The 2020 Bangabandhu National Football Championship, also known as 2020 Walton National Football Championship (due to sponsorship reason from Walton Group), is the sixth edition of the National Football Championship, the premier competition in Bangladesh for teams representing districts and government institutions. It is organized and hosted by the Bangladesh Football Federation. A total of 78 participants nation-wide will participate in the tournament. The format of the tournament changed in this edition as it is no more a top division league and resuming after 13 years.     

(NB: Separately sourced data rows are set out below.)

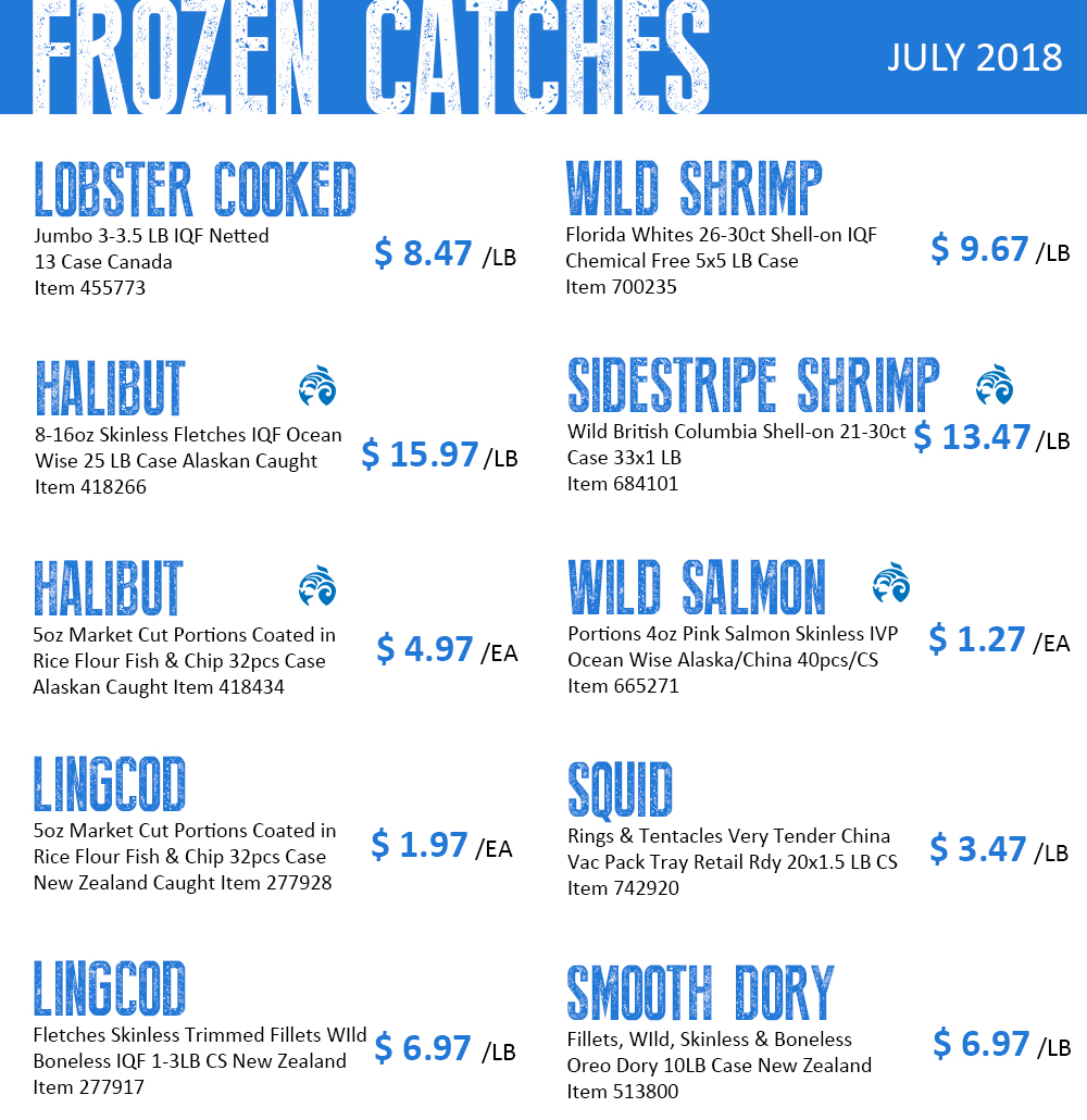 Seacore is featuring two excellent products this month with our Frozen Catches Specials. The Halibut and Lingcod are premium portions that are bias cut or market cut and lightly coated in an all natural Rice Flour. In fact 99% of the weight is the actual fish. The light coating, referred to as dusting, allows for both portions to be battered in a premium way. The result is that your fish batter will not fall off from the fish and instead create a really nice fish & chip option. If you haven't tried it for your fish & chips, contact us today for some samples and we will be more than glad to send some out to your business. Try it Today!
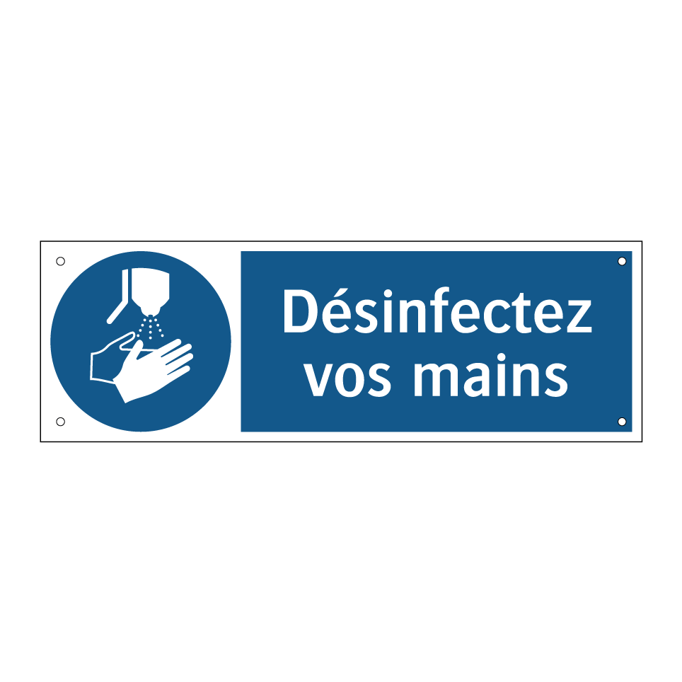 Panneau d'obligation avec le texte : "Désinfectez vos mains"
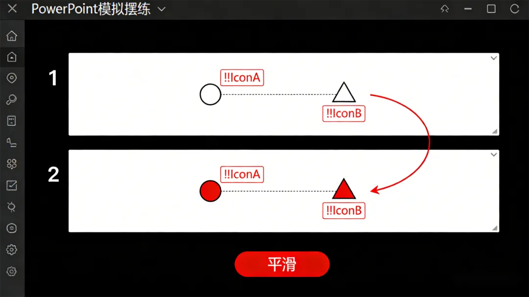 平滑切换功能可以识别图片和3D模型的位置、大小和旋转角度的变化,从而实现平滑过渡。通过调整图片的大小和位置,我们可以实现镜头推进或拉远的效果;通过调整3D模型的旋转角度,我们可以展示3D模型的不同角度。这个技巧非常适合用于产品展示、旅游介绍或者建筑设计的演示。比如你可以用图片缩放展示产品的细节,或者用3D模型旋转展示建筑的不同角度。当需要多个元素同步参与平滑过渡时,我们可以通过为每个对象命名相同的“!!”前缀,实现多对象协同的复杂动画效果。- 在幻灯片1中插入两个独立形状:一个圆形命名为!!IconA,一个三角形命名为!!IconB
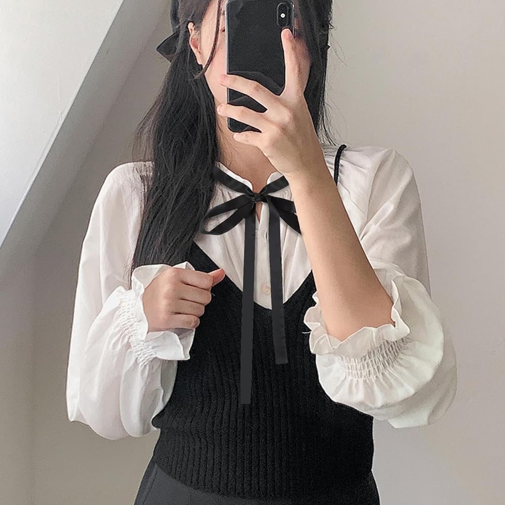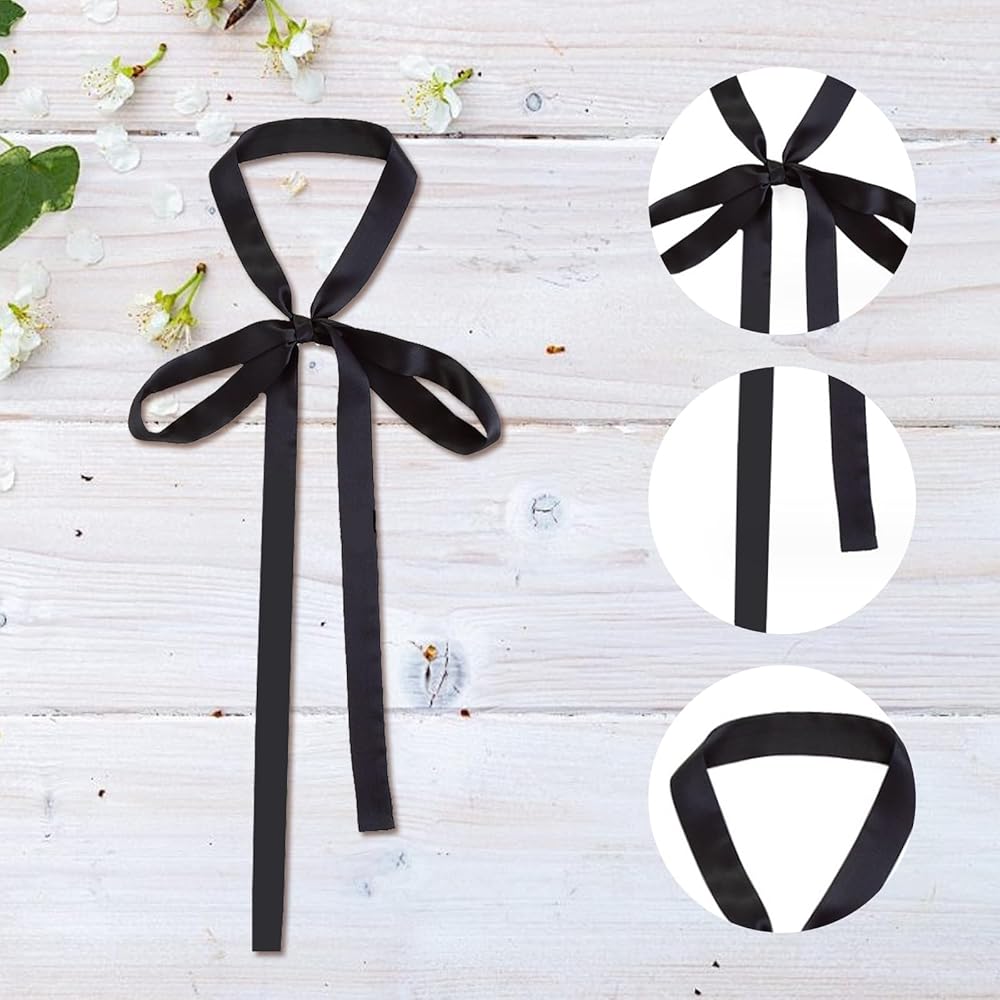 【ربطة عنق ذاتية الربط للنساء】يبلغ مقاس ربطة العنق السوداء للنساء تقريبًا. 160 سم/ 62.3 بوصة في الطول و2.5 سم/0.98 بوصة في العرض، طويلة بما يكفي لربط قوس جميل، يمكن استخدام ربطة العنق النسائية كربطة عنق طويلة أو ربطة عنق أو وشاح للرقبة أو عصابة رأس أو لفافة شعر، إلخ.
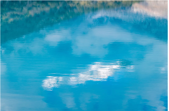 玉液、镜潭、蓝月和听涛,四湖环抱,蓝蓝的湖水,有着梦幻般的静美。

Dhaka Mohammedan are the defending champions by won 2–0 against Dhaka Abahani on 8 January 2006.

Format
Along with 63 districts football teams excluding only Kishoreganj, three service teams, six public universities, five education boards, and Bangladesh Krira Shikkha Protishthan will participate in the tournament. The participants districts have been divided in eight zones named Padma, Meghna, Jamuna, Shitalakshya, Brahmaputra, Surma, Chitra and Buriganga. Each zone consists eight teams except Surma, which contains seven teams. There will be knockout matches in every zone which will be played on home and away basis. In first round, a pair of teams of every zone will play each other which will decide four winners. In second round, that four winners in each zone will play zonal semifinal. In third round, the semi-final winners will face each other in zonal final. The champion from each zone will qualify for the final round. 

Teams representing education boards, universities & the services teams—a total of 15 teams—are divided in four groups in Sheba zone. The teams of this zone will play on round-robin basis. Champion and runners-up of Sheba zone will join eight zonal champions in the final round.

Championship round
In the championship round ten teams will contest: the eight winner teams from eight zones and two services teams.

Qualified teams
 Bangladesh Army
 BKSP
 Comilla District
 Cox's Bazar District
 Khulna District
 Netrokona District
 Pabna District
 Rangpur District
 Satkhira District
 Sylhet District

Sponsorship
The title sponsor of 2020 Bangabandhu National Football Championship is Walton Group.